Time Just Effin’ Flew!

Okay, so it was like 10:00-ish when I walked Marq to the bus stop as he left for work. Let’s say I got home at 10:30 or something. Then I watched about an hour and a half of Strangers With Candy while I read comics and baked cookies. Then I showered, then did the dishes. I wasn’t wearing my watch and I figured it was about one, one-thirty at the latest. For someone who lives on a night-schedule, that’s plenty of time to still do something. Only when I looked at the clock on the phone it was effin’ Four O’Nine!

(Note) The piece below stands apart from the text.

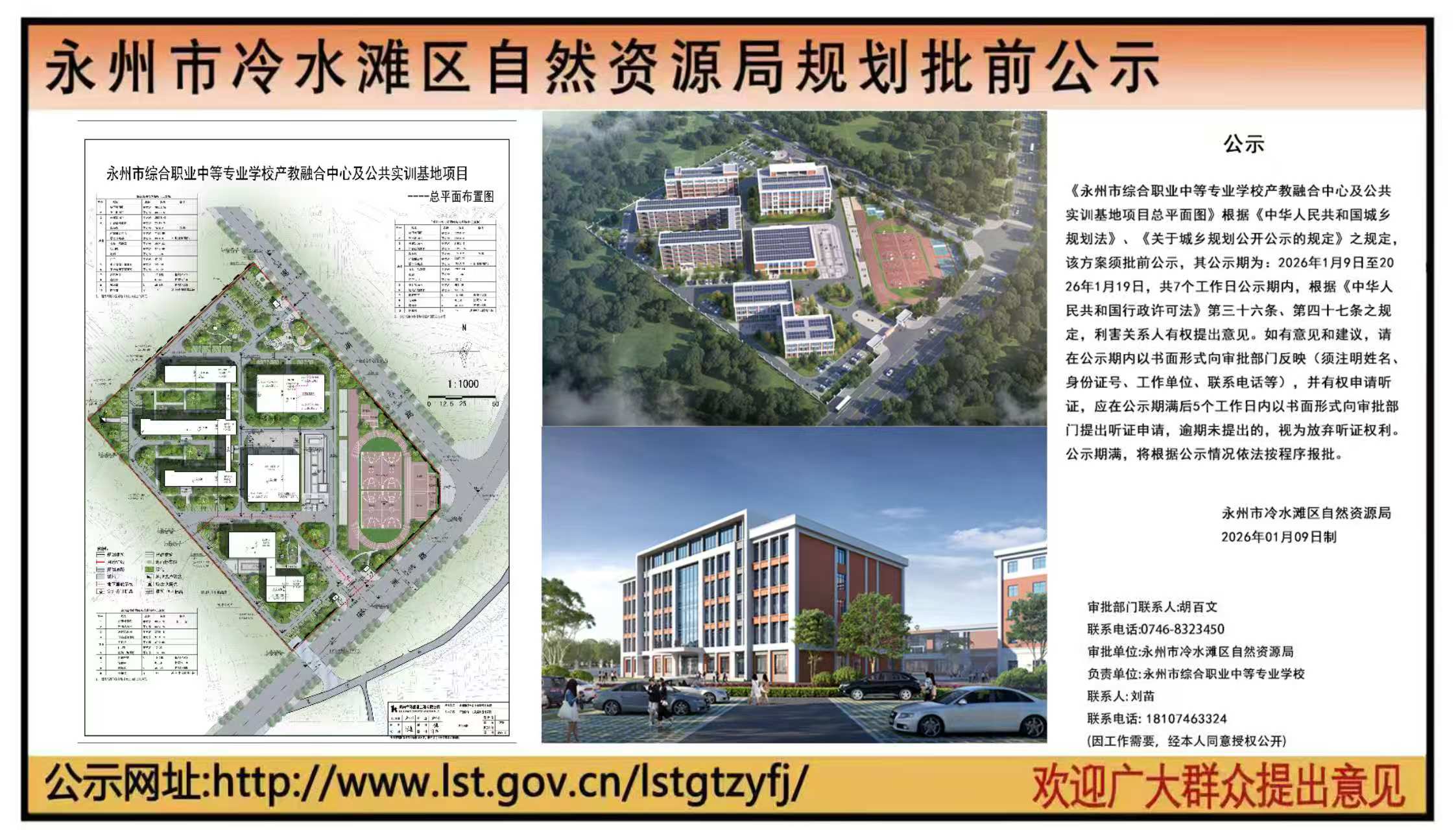 《永州市综合职业中等专业学校产教融合中心及公共实训基地项目总平面图》根据《中华人民共和国城乡规划法》、《关于城乡规划公开公示的规定》之规定,该方案须批前公示,其公示期为:2026年1月9日至2026年1月19日,共7个工作日公示期内,根据《中华人民共和国行政许可法》第三十六条、第四十七条之规定,利害关系人有权提出意见。如有意见和建议,请在公示期内以书面形式向审批部门反映(须注明姓名、身份证号、工作单位、联系电话等),并有权申请听证,应在公示期满后5个工作日内以书面形式向审批部门提出听证申请,逾期未提出的,视为放弃听证权利。公示期满,将根据公示情况依法按程序报批。
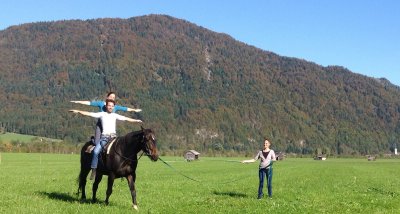 werden eigene Übungen am Pferd in allen drei Gangarten

Logically, I assume I experienced a blackout caused by abduction by aliens, or perhaps time-travellers. Maybe wizards. In any case, I feel utterly violated by the probing that I assume took over two hours of my time. If I don’t gain superpowers from this, I’m going to be very unhappy. I could have spent that time building a tree fort. Or buying snake warmers. Or washing a sword. Or something…

Haiku!

Which way is the store?
Y’know, the one that sells ham.
I know that you know.

Honestly. I was multitasking! That should have saved me time, not allowed it to slip away unnoticed. Curses!

Mysteries of Technology

Did everyone’s mousepad disappear over night, or was it just me? ’Cause if it was a worldwide thing, I’m willing to let it slide. And apart from that my computer is now rebelling against me by switching all my bookmarks into alphabetical order, instead of the order I had them in for years so I knew where everything was. Technology is the Great Satan.

In other news, I’ve been drafted. It turns out that President Truman invented time-travel and has been getting new troops from different eras. It turns out that he can even draft non-Americans. Well, I’m glad I already know how that war ends, so I won’t have too much to worry about.